### WORK REQUEST
Take the lines from the one containing "Ook werd er" through the final line below and restate them exactly. Omit the pictures.

### DATA EXTRACT

※ ※ ※

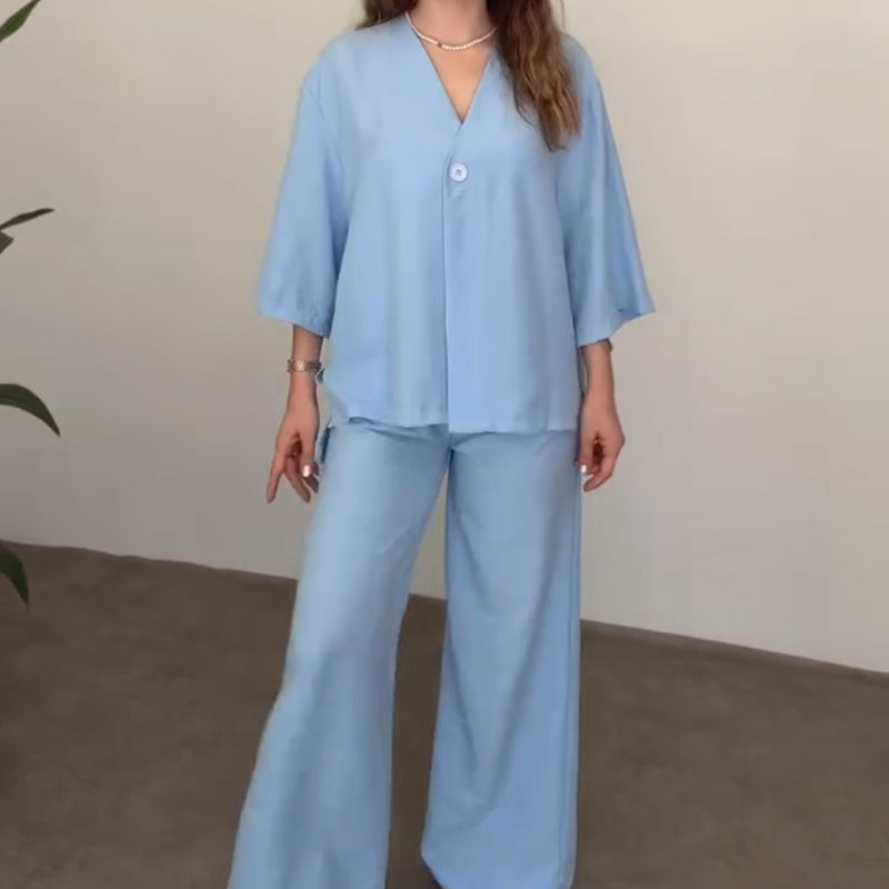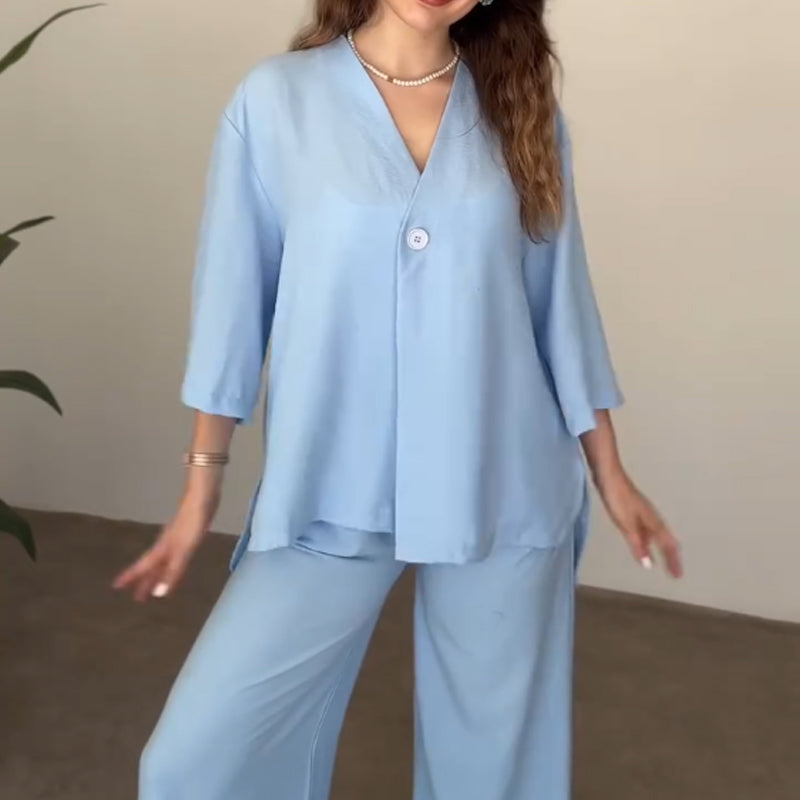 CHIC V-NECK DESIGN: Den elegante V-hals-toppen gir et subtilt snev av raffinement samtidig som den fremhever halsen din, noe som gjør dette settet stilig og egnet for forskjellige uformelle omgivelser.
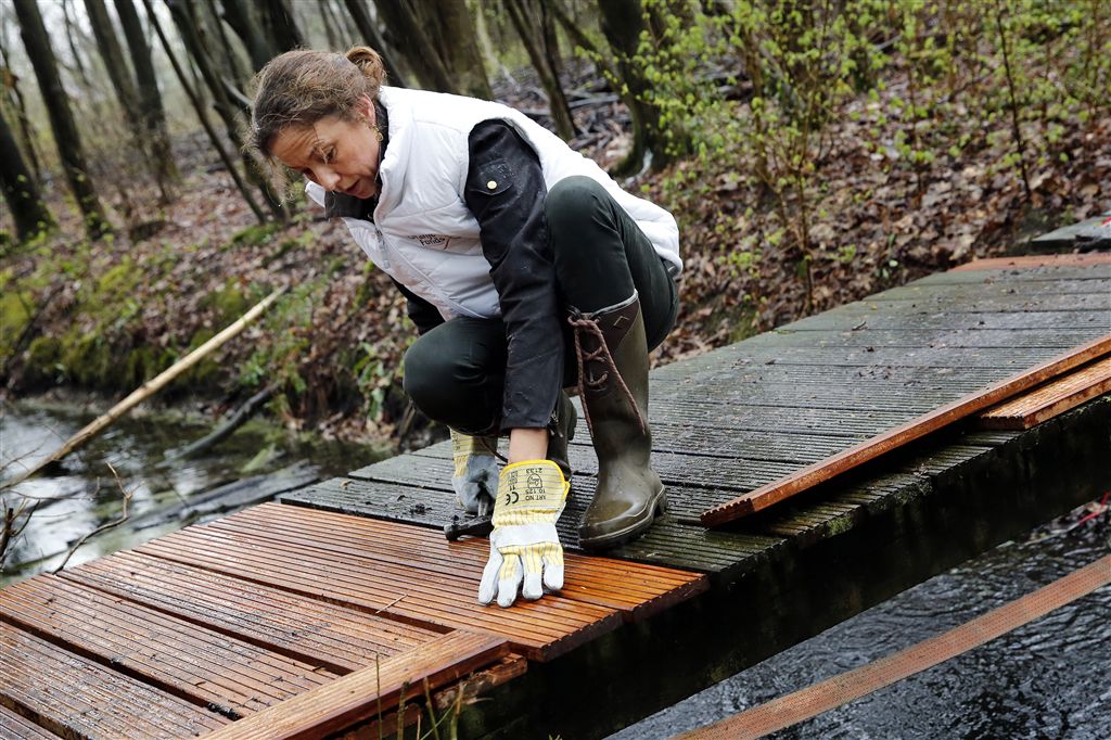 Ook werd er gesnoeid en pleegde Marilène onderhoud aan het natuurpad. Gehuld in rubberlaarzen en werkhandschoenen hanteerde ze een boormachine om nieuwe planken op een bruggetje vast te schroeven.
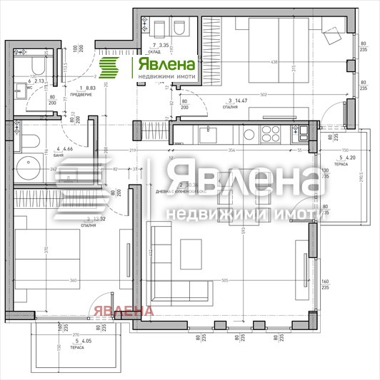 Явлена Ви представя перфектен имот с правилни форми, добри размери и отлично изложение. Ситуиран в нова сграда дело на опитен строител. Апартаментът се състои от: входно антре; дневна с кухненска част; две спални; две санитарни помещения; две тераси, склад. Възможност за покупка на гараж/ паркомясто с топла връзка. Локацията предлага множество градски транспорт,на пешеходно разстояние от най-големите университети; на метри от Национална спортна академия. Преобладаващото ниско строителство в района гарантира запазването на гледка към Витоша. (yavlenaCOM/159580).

※ ※ ※

### RESPONSE TO THIS TASK
 Ook werd er gesnoeid en pleegde Marilène onderhoud aan het natuurpad. Gehuld in rubberlaarzen en werkhandschoenen hanteerde ze een boormachine om nieuwe planken op een bruggetje vast te schroeven.
 Явлена Ви представя перфектен имот с правилни форми, добри размери и отлично изложение. Ситуиран в нова сграда дело на опитен строител. Апартаментът се състои от: входно антре; дневна с кухненска част; две спални; две санитарни помещения; две тераси, склад. Възможност за покупка на гараж/ паркомясто с топла връзка. Локацията предлага множество градски транспорт,на пешеходно разстояние от най-големите университети; на метри от Национална спортна академия. Преобладаващото ниско строителство в района гарантира запазването на гледка към Витоша. (yavlenaCOM/159580).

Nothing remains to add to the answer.